> _ASSIGNED TASK_:
Could you retype only the lines from the one containing "Peserta seterusnya memperdengarkan" through the final line of the entries, both included, skipping any images?

> _THE RECORDS_:

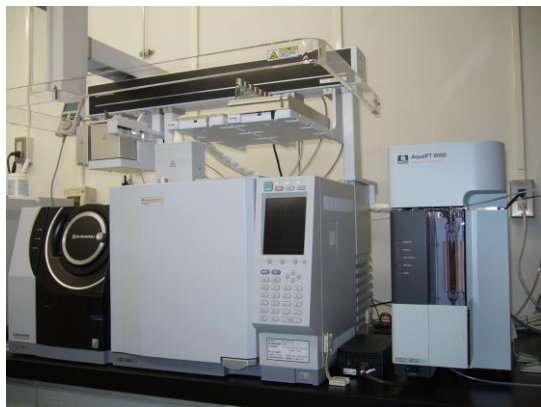
かび臭物質の測定に使用するガスクロマトグラフィー質量分析装置

外部検査機関へ委託する項目については、検査結果の根拠となる資料（写真、検量線、クロマトグラム等）を確認するとともに、年1回以上委託検査機関に立ち入り検査を行い、実施状況を確認します。
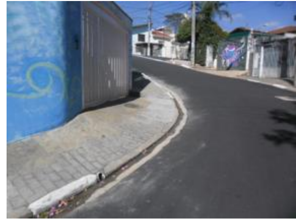
Rua Jardimirim (Santana / Tucuruvi) - Depois 16/05/14
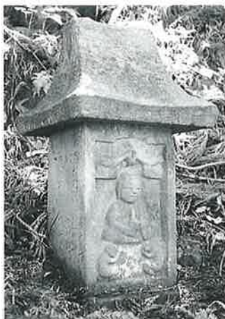
46 庚申塔 横倉藤ノ木 享保6 年正月(85×30×25)
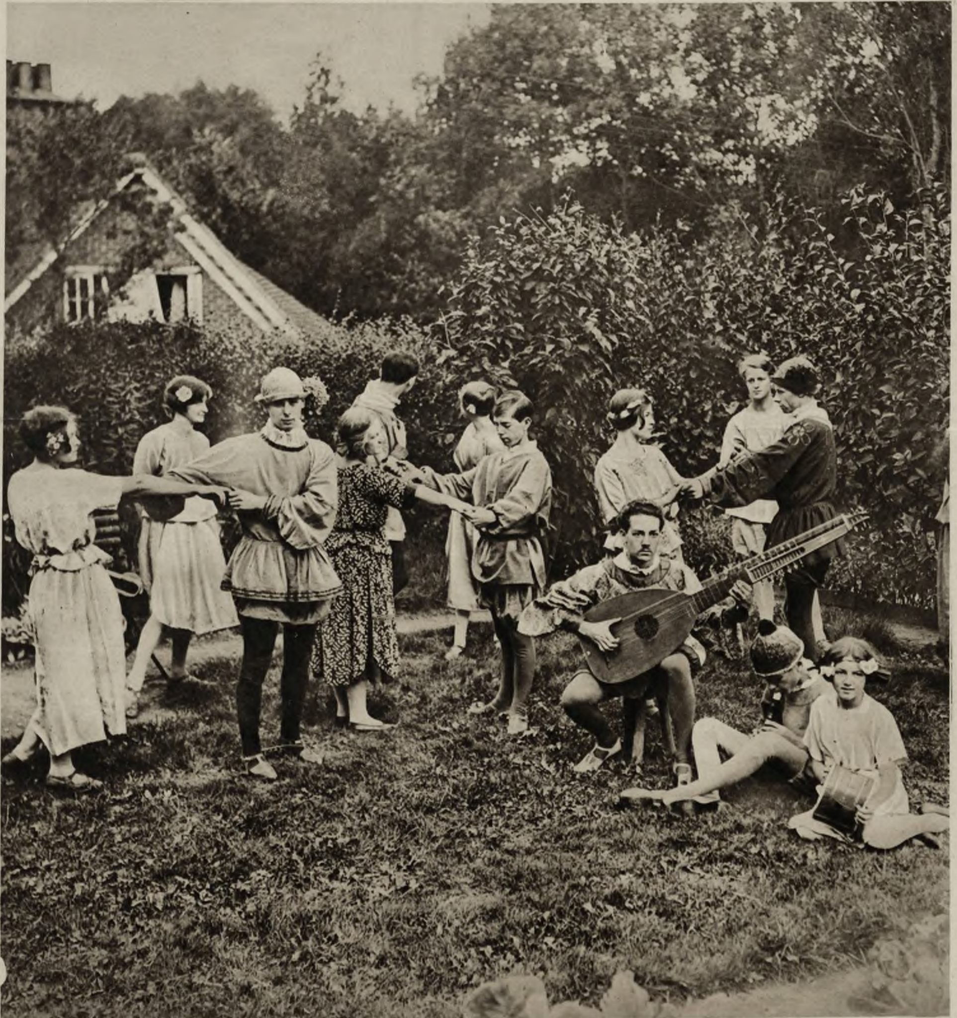
W miejscowości Haslemere (Surrey, Anglja) odbył się festiwal muzyczny, w którym używano tylko starych, przeważnie średnio-wiecznych instrumentów. Równocześnie odbywał się konkurs starych tańców.
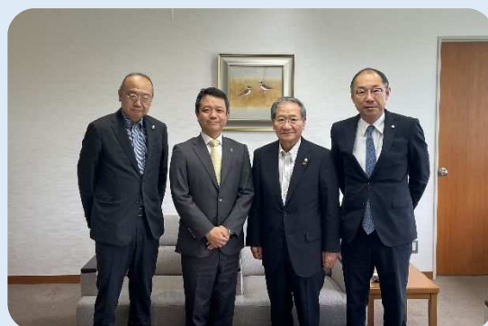
左から 野川常任幹事、上村市長、北川会長、戸川幹事長
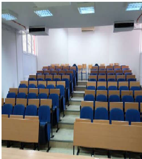
Άποψη αίθουσας διδασκαλίας
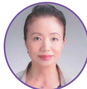
(公社)千葉県看護協会 会長

最後になりますが、これからも残暑が続きます。どうぞお身体をご自愛ください。皆様には今まで同様、看護協会へのご支援も重ねてお願い申し上げます。
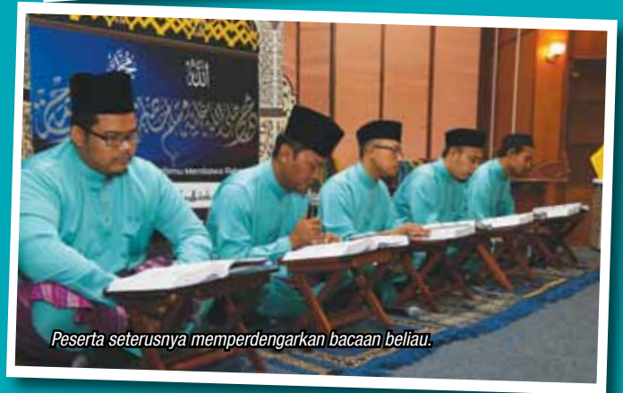
Peserta seterusnya memperdengarkan bacaan beliau.
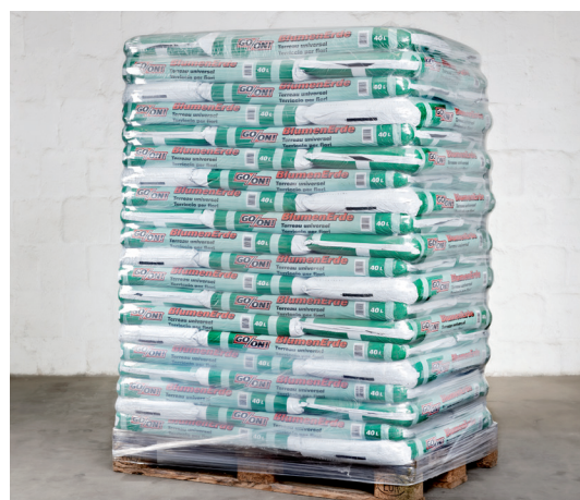
ProfiStretch MB/MBP/MBM, palletvorm aarde/turf
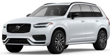
Crystal White Premium Metallic
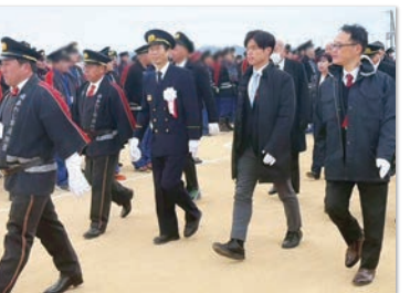
南あわじ市消防団初出式に参加。 有事のみならず平時も、操法訓練や地域での 様々な活動に心から敬意を表します。
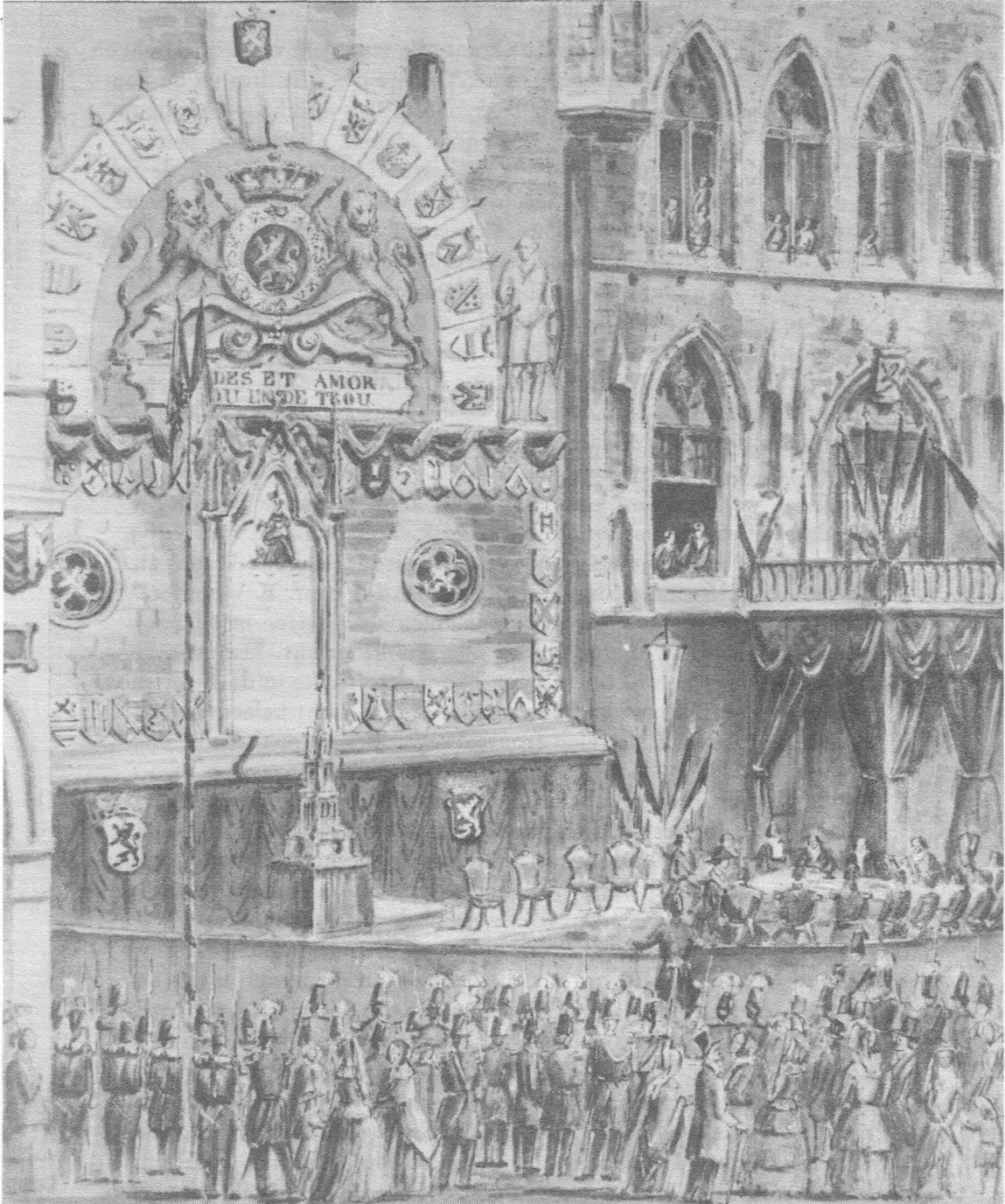
1 September 1853. Plaatsing van een gedenksteen op het Belfort door koning Leopold I
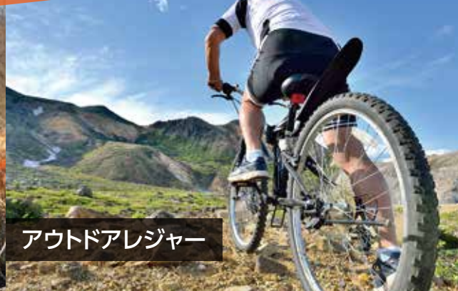
アウトドアレジャー
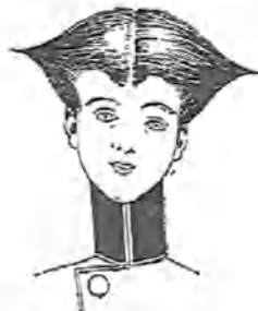
Cuando visita á un subteniente.
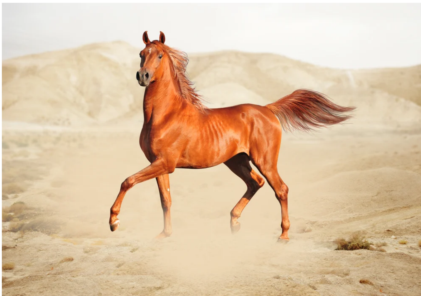
Cavalo árabe de raça pura

Com exceção de suínos, todos os animais domésticos foram estudados por Ibn Al Awan, segundo uma lógica constante: escolha dos animais, seleção, reprodução, estabulação e confinamento, alimentação e aspectos sanitários. Os cavalos, paixão conhecida dos árabes, estão em um tomo inteiro da obra. Entre vários temas técnicos, ele trata de 112 enfermidades e apresenta receitas de mais de 20 colírios para cavalos ( sic! ). O título desse capítulo: “Tratamento de algumas das doenças que sobrevêm aos cavalos nas diversas partes do corpo. (...) Sintomas e diagnósticos para as doenças; remédios. Esta parte da ciência é a medicina veterinária ”. A última parte de seu livro sobre avicultura aborda a incubação artificial de ovos e, no sentido amplo, trata da criação de pombos, galinhas, pavões, patos e gansos. Um artigo ensina a fabricação de foie gras . E dedica o último à apicultura.
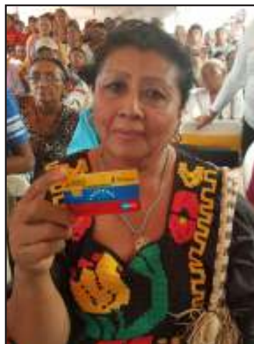
Pueblo Wayuu beneficiado.

de esta jornada realizada en el marco del Plan Nacional para la Erradicación de la Pobreza Extrema. “Entregamos 1442 tarjetas de Hogares de la Patria y 408 tarjetas de la Gran Misión En Amor Mayor; estamos garantizándole a cada jefe y jefa de familia un ingreso mensual de 50 mil bolívares, como parte de las medidas económicas asumidas por el presidente Nicolás Maduro para proteger al pueblo más necesitado; sabemos que aún existen muchos hogares a los que no hemos llegado, pero todo el Gobierno Bolivariano seguirá desplegado, sin descanso, para incorporar a nuestros pueblos indígenas en las misiones sociales porque ese fue
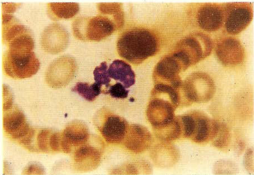
Fig. 1 — Aspecto de um neutrófilo com redução de NBT positiva.

três diferentes Autores, que não conheciam o diagnóstico no momento do exame. Para o resultado final foram utilizadas as médias aritméticas dos resultados obtidos.
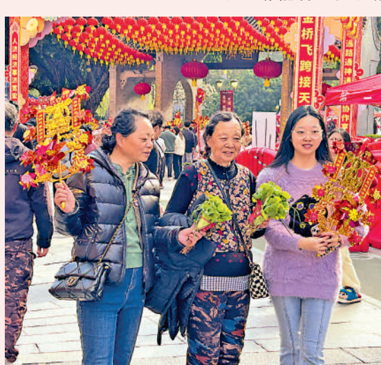
▲在佛山，市民遊客手持金色風車、生菜和葱，祈願順風順水。

> _ANSWER AREA_:
Peserta seterusnya memperdengarkan bacaan beliau.
ProfiStretch MB/MBP/MBM, palletvorm aarde/turf
Crystal White Premium Metallic
南あわじ市消防団初出式に参加。 有事のみならず平時も、操法訓練や地域での 様々な活動に心から敬意を表します。
1 September 1853. Plaatsing van een gedenksteen op het Belfort door koning Leopold I
アウトドアレジャー
Cuando visita á un subteniente.
Cavalo árabe de raça pura

Com exceção de suínos, todos os animais domésticos foram estudados por Ibn Al Awan, segundo uma lógica constante: escolha dos animais, seleção, reprodução, estabulação e confinamento, alimentação e aspectos sanitários. Os cavalos, paixão conhecida dos árabes, estão em um tomo inteiro da obra. Entre vários temas técnicos, ele trata de 112 enfermidades e apresenta receitas de mais de 20 colírios para cavalos ( sic! ). O título desse capítulo: “Tratamento de algumas das doenças que sobrevêm aos cavalos nas diversas partes do corpo. (...) Sintomas e diagnósticos para as doenças; remédios. Esta parte da ciência é a medicina veterinária ”. A última parte de seu livro sobre avicultura aborda a incubação artificial de ovos e, no sentido amplo, trata da criação de pombos, galinhas, pavões, patos e gansos. Um artigo ensina a fabricação de foie gras . E dedica o último à apicultura.
Pueblo Wayuu beneficiado.

de esta jornada realizada en el marco del Plan Nacional para la Erradicación de la Pobreza Extrema. “Entregamos 1442 tarjetas de Hogares de la Patria y 408 tarjetas de la Gran Misión En Amor Mayor; estamos garantizándole a cada jefe y jefa de familia un ingreso mensual de 50 mil bolívares, como parte de las medidas económicas asumidas por el presidente Nicolás Maduro para proteger al pueblo más necesitado; sabemos que aún existen muchos hogares a los que no hemos llegado, pero todo el Gobierno Bolivariano seguirá desplegado, sin descanso, para incorporar a nuestros pueblos indígenas en las misiones sociales porque ese fue
Fig. 1 — Aspecto de um neutrófilo com redução de NBT positiva.

três diferentes Autores, que não conheciam o diagnóstico no momento do exame. Para o resultado final foram utilizadas as médias aritméticas dos resultados obtidos.
▲在佛山，市民遊客手持金色風車、生菜和葱，祈願順風順水。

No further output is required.